Of course there are a lot of things that disturb me, but I have to get used to a different way of life and perception of the surroundings and it'll be okay. There are a lot of good things also and they outweigh. I'm talking mostly about friendly people, the smiles on their faces and their willingness to help. Even if it means smearing their Sunday best while giving my trailer a push. And it's their plainness and their readiness to help that leaves me with a bitter taste. To know that I come from a country where we get everything served on a platter, without having to make much of an effort. And on the other side there are many people who make a considerable effort and still have no hope whatsoever of a better life. The motorbike like the ones from TV, which appeared live in the neighbourhood, which doesn't break down and has all the lights working and even an electro starter, one which they can hear and even sit on, has become one of the main subjects of conversation these days.
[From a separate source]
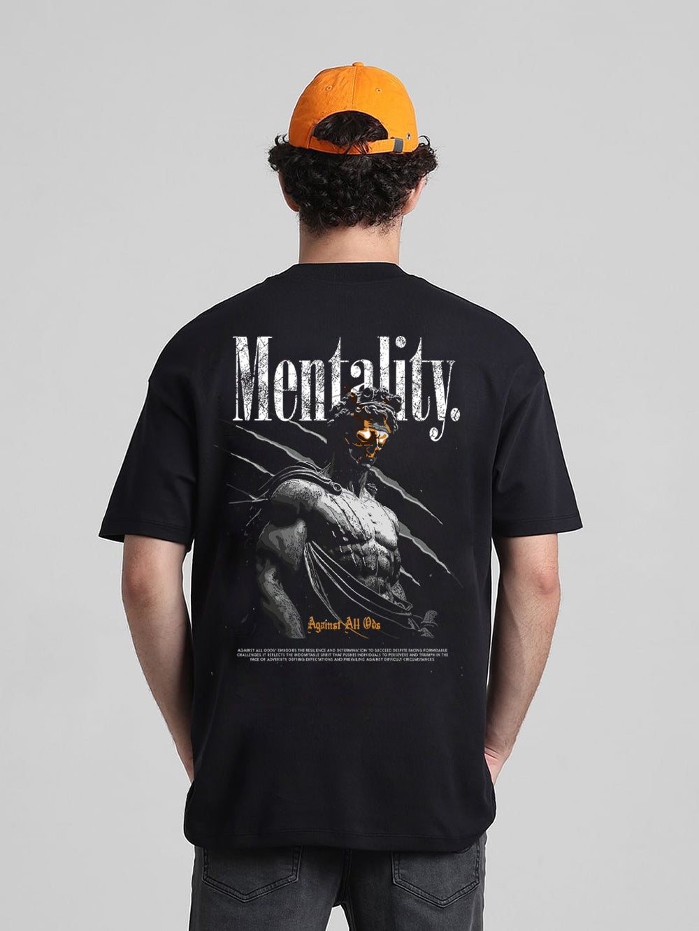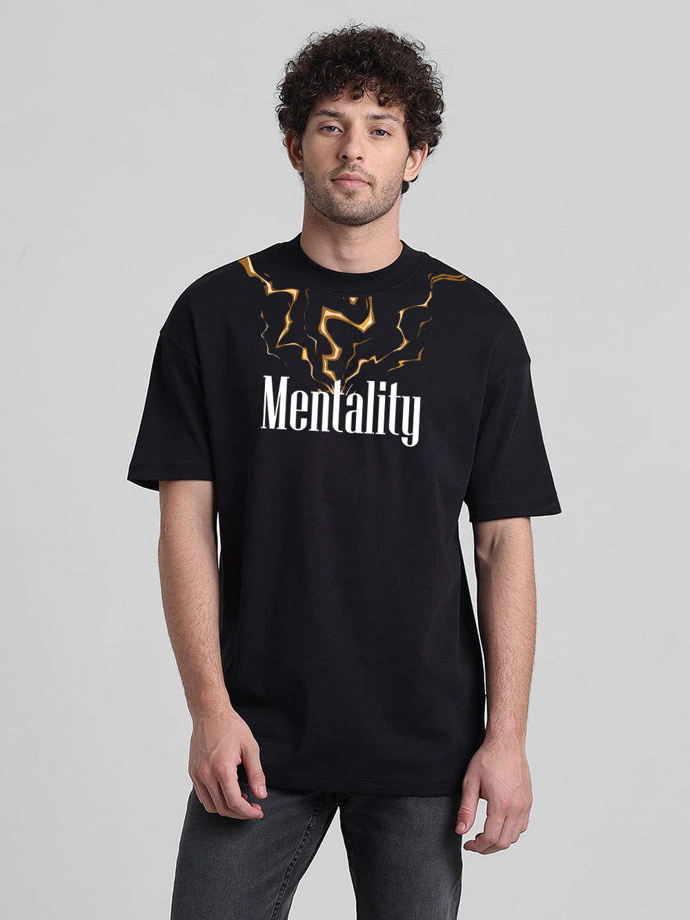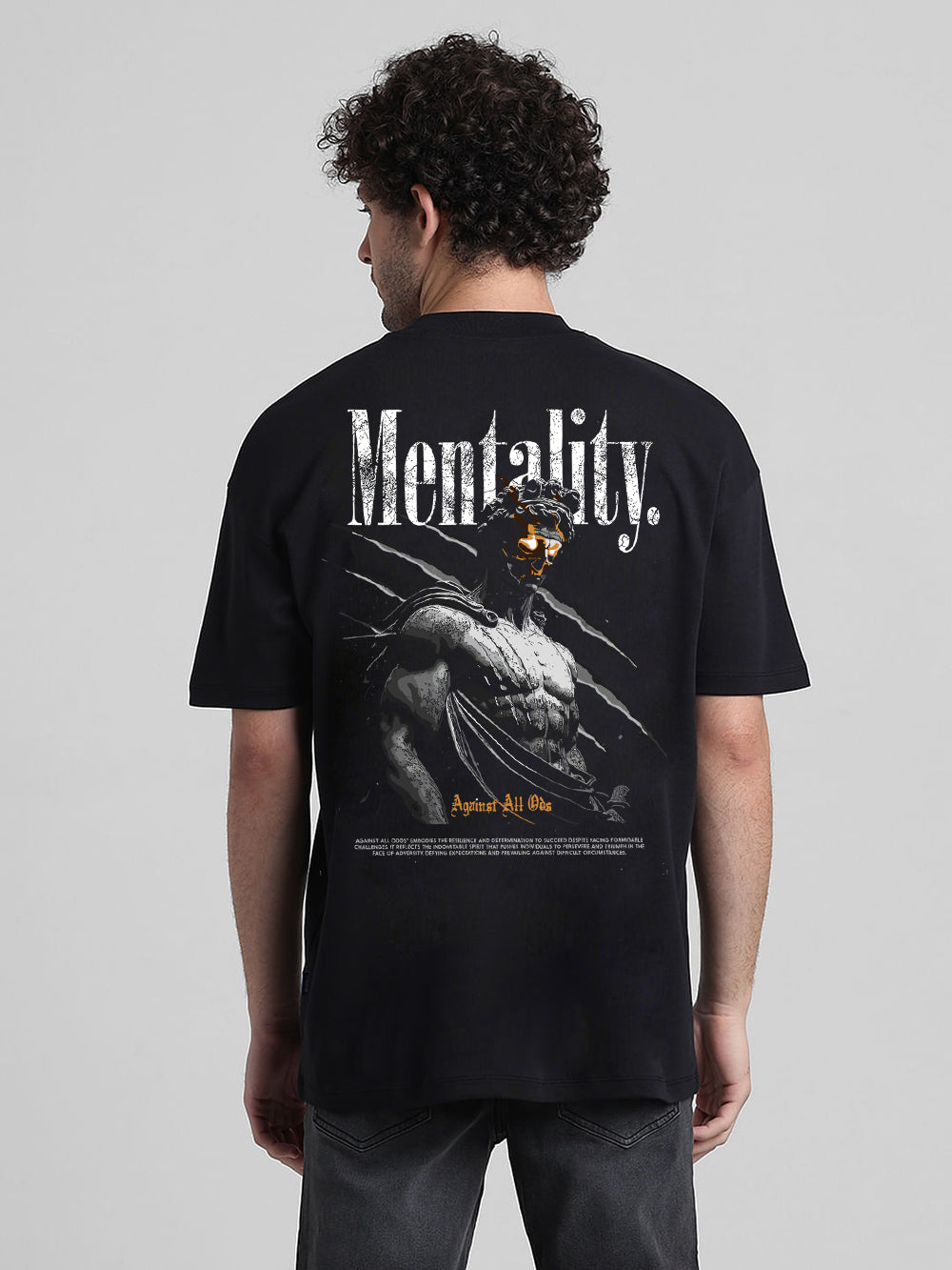 Express your mindset with this Mentality oversized t-shirt, crafted from soft, high-quality cotton terry fabric for all-day comfort. Featuring a bold back print that inspires focus and determination, this tee blends streetwear style with motivational vibes. Its relaxed oversized fit, round neck, and half sleeves make it perfect for those who value both comfort and statement-making fashion.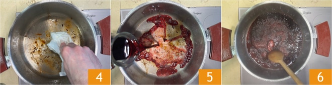 Retirad la carne de la cacerola y limpiad el fondo con papel absorbente 4, luego verted un vaso de vino tomado de la dosis total 5 y desglasad el fondo 6. Reservad el fondo de cocción.

I got a little carried away... I promise my future writings will be more optimistic. Maybe I've been affected by the depressing weather.

While I'm waiting for an available LAN cable, I'm watching a taxi (I think it's a fancy Dacia), who's driving up and down the street, with “gangsta” dark-blue neon lights which illuminate the inside of the vehicle, and through four opened windows, over very hip elbows, there's Arabic rap spreading joy to people, while instead of headlights there's silver diodes flashing left and right alternately. How very cool!